Comments are for the discussion of this post. If you have other questions / comments then post them to the forum or send me an email

  • Post by Grant on May 11, 2008 6:37 PM

    Great post Paul. You have some very useful information here as always and I agree that WP and MT have poor URL formats which are a must edit when starting a new blog.

    Also if anyone is going to start changing the URL format please give users information or use re-directs to the new URL.

  • Post by Mike Robinson on May 11, 2008 7:05 PM

    I've been considering changing my site's URL structure to category based rather than date based. As you said, it does make more sense since less people will look for posts by date. Great post!

  • Post by Su on May 11, 2008 9:27 PM

    For example, movable type will default to archiving blog posts using the following format...
    http://www.boagworld.com/archives/year/month/name.html

    This hasn't been true for some time now. It's not even the default in the version of MT that you are using yourself right now so it seems a bit odd of you to even bring it up. The /archives directory was dropped sometime during the 3.x series.


    Generally people are not interested in seeing posts from a specific period. Instead they want posts on a similar subject.

    This is completely subjective, and not indicative of "poor" defaults, but your own opinion and preference. Which is fine except that you're presenting it as fact. The only way the following example makes any sense would be to assume that the general populace hacks URLs before looking for basic navigation.
    Beyond that, you also gloss that it's much less likely you'll change the publish date of a post after the fact than change or rename its category, which in your suggestion may result in that item being moved to a new URL[1], having significant implications for your engine ranking section.

    [1] MT uses a category basename to avoid this(I don't know about WP), but if the new name is drastically different, forcing an edit to the basename may be called for.

  • Post by Paul Boag on May 11, 2008 10:31 PM

    @Su... You make an excellent point about the changing url in the future. However, you can work around these changes as I have done with this site (the old urls still work).

    As for the archive; again you are correct the new version of MT does not use Archives however the point still stands. The URL is impossible to remember or guess.

    As for the comment about categories being subjective... well its my opinion and I stand by it. Sorry.

    Good points though and I will try and raise them when I do this piece for the podcast. Thanks for the comments.

  • Post by website design on May 12, 2008 11:15 AM

    Great post Paul. Very useful information. Keep going in this direction!

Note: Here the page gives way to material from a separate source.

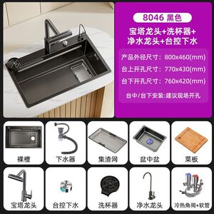 【双轨道+集渣】8046/纳米黑-4【水槽+4挡宝塔龙头+净水+洗杯器】

  • Post by Ollie Parsley on May 12, 2008 1:05 PM

    Great post Paul!

    Getting these friendly URL's does also depened on access to the server. For instance I have sites hosted on a Windows box with IIS which does not handly friendly urls well unless you install a patch (Hopeless if you do not have root access to the server as the case is with most hosting companies). But Linux is great as you can use the Mod Rewrite commands in the htaccess file at the root of the website. You don't need root access to the server (apart from to modify the htaccess file). Thats what WordPress uses which is why I host my WordPress blogs on a Linux box.

    Anyway thought that might be useful for some people, I know this is meant to be more design then serverside but it does affect the site design in a way!